The 2013 UK & Ireland Greyhound Racing Year was the 88th year of greyhound racing in the United Kingdom and Ireland.

Summary

Tracks
The GRA was subject to a management lease buyout, Wimbledon's lease was shorter than the rest of the tracks bringing the future of the track into serious question. The Oaks was switched to sister track Belle Vue meaning that Wimbledon had now lost the Laurels, Grand National and Oaks in recent years. Leading owner John Turner stepped in to save the Puppy Derby by sponsoring the event.

In Ireland, Newbridge which was leased by Morwell Racing Ltd ceased trading and left the stadium vacant.

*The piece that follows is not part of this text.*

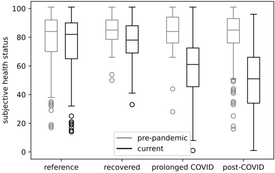 Regarding the subjective rating of the overall health status prior to the pandemic, there were no significant differences between any of the four groups. Average values on the subjective 100-value scale were (with standard deviations in brackets): reference group μ = 80.1 (± 17.8), recovered patients μ = 84.8 (± 11.1), prolonged COVID group μ = 82.3 (± 15.6), and post-COVID patients μ = 82.4 (± 15.0).
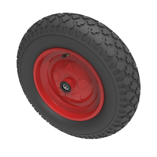 Black pneumatic tyred red steel disc centred wheel with a roller bearing bore (sorry no grease nipple). Fitted with a 4 ply blocked tread patterned tyre. Wheel diameter 400mm, tread width 100mm, hub 65mm, bore 25.4mm. Load capacity 200kg for non-towing applications. Please note we manufacture to order and therefore a 24 hour delivery may not be possible.

The Irish Greyhound Board stepped in to save the track and installed a management team to run it. The third BAGS/SIS track championship went to Sheffield who outpointed defending champions Newcastle in the final at Sheffield. Coventry continued to offer excellent open race prize money but suffered a blow when Racing Manager Martyn Dore left the track.

Competitions
Ballymac Eske secured victories in the Juvenile and Scottish Greyhound Derby. Charlie Lister OBE had a year to remember following a record breaking seventh English Greyhound Derby with Sidaz Jack and sixth trainers championship at Yarmouth.

Slippery Robert trained by Robert Gleeson took the Irish Derby. The William Hill Grand Prix resulted in a dead heat between Hometown Honey and Calzaghe Lilly.

Charlie Lister had four finalists in the St Leger final and his hot favourite Farloe Tango broke the track record when claiming the competition. Farloe Tango then won the Greyhound of the Year. Mark Wallis sealed a fifth trainer's title in nine years.

News
The Racing Post TV channel had a significant presence in the reporting of greyhound racing but the Greyhound Star began to consider plans to go online. Ladbrokes stepped in to sponsor the Scottish Derby which was at risk of being cancelled. Jim Woods retired after 31 years as a Racing Manager at Perry Barr, Nottingham, Leeds and Monmore.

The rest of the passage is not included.